When Negan kind of wanders off at the end of the episode, was that a nod to his ending in the comics? We don’t see him in Alexandria after that, but I’m assuming that’s where he went. Unless he went to New York…

[laughs] There’s a bit of a nod to the comics with Negan in that we sort of don’t know. But it also felt like with what Maggie said to him, both of them have grown over the years, and they’ve changed, and they’ve kind of gotten to a place where they’ve reckoned with each other. I think that for Negan’s part, he realizes, “A. I just want to go back to my wife right now,” but “B. It’s painful for Maggie for me to be around her, so I’m not going to crash their party. That wouldn’t be the right thing, and I would’ve learned nothing if I did that right now.” That was the kind thing for him to do. To walk away.

I noticed quite a few callbacks and references to early seasons in this episode. Did you have a personal favorite reference or little hint in the finale?
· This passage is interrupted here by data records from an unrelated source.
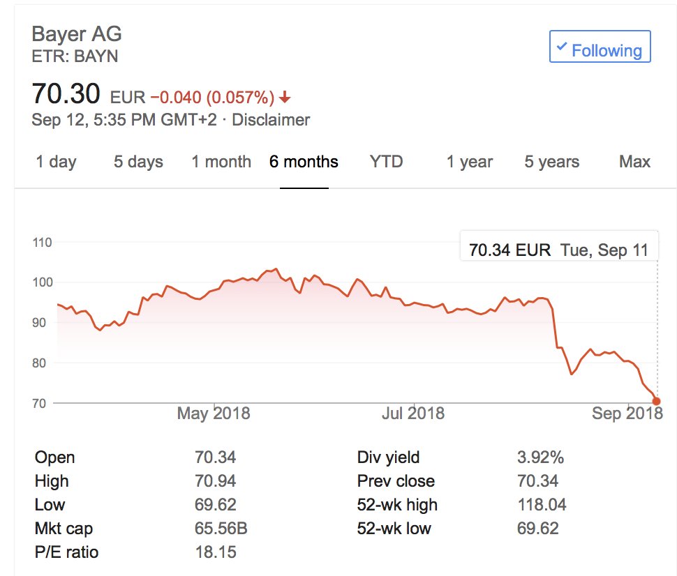 Delenda MONSANTO. Thank you markets. Let the death spiral start. Bayer is down 30% over the past couple of months. There are >8000 lawsuits coming. Never ever build your business messing with science & smearing scientists. It all comes out. Monsanto shills are unprotected.pic.twitter.com/U00l6c2d1j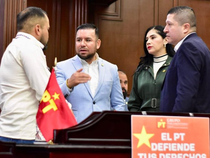 Morelia, Michoacán, a 27 de febrero de 2026.- “Hoy estamos muy contentos de anunciarles que en Michoacán votamos a favor del pueblo una vez más, que en el Grupo Parlamentario del Partido del Trabajo, votamos a favor de la reducción de la jornada laboral a 40 horas y esto, es una conquista más de la Cuarta Transformación y de todas y todos los trabajadores mexicanos ”, señaló el coordinador de la bancada del PT en el Congreso de Michoacán, Reyes Galindo Pedraza.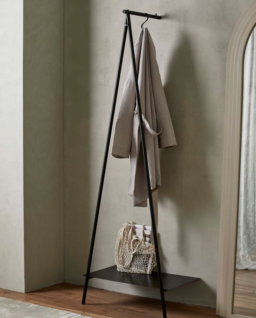 Nordal RAVI klädhängare är en perfekt lösning för dig som söker funktion och stil i ett. Tillverkad av järn med en svart pulverlackering, ger den ett elegant och modernt intryck i ditt hem.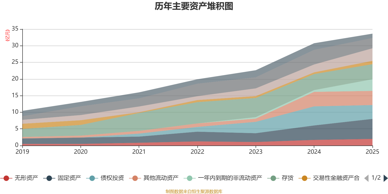 资产重大变化方面,截至2025年末,公司一年内到期的非流动资产较上年末增加560.19%,占公司总资产比重上升8.72个百分点;债权投资较上年末减少27.27%,占公司总资产比重下降6.26个百分点;货币资金较上年末减少29.45%,占公司总资产比重下降5.1个百分点;固定资产较上年末增加38.89%,占公司总资产比重上升3.81个百分点。

Oh my gosh, we did do so many. I really enjoy Daryl and Judith (Cailey Fleming) calling each other “Lil’ Asskicker” and “Big Asskicker.” I wrote the episode after she was born, where Daryl went off with Maggie to get formula for Judith. That was the first instance of him calling her “Lil’ Asskicker.” Which was a pitch from my showrunner at the time, Glen Mazzara, and it’s something that’s kind of hung around. We hadn’t used it in a while, so it was fun to bring it back. It’s really sweet.

At what point did Rick enter the conversation in the finale? Did you always know there was going to be a Rick and Michonne epilogue or was that something that developed over time?

In my first pitch of the season — this was back in 2020, before the pandemic interrupted everything — in February of 2020, I said to the network, “I feel that the show is not complete without Rick and Michonne coming back.” I had an ideal scenario, but I was like, I know there are all these things in the universe, so that’s not under my control. I think everybody was like, “Yeah, yeah, that makes sense.” But there were so many obstacles to making that happen, and we didn’t know if it could happen, and the actors needed to say yes, and there was possibly a movie. We didn’t know for a long time. It took a while, but it was very satisfying to finally get them to agree to do it and for AMC to do all the business stuff to get that to happen. It was a wish from the beginning, but it actually took a long, long, long, long time to lock it in.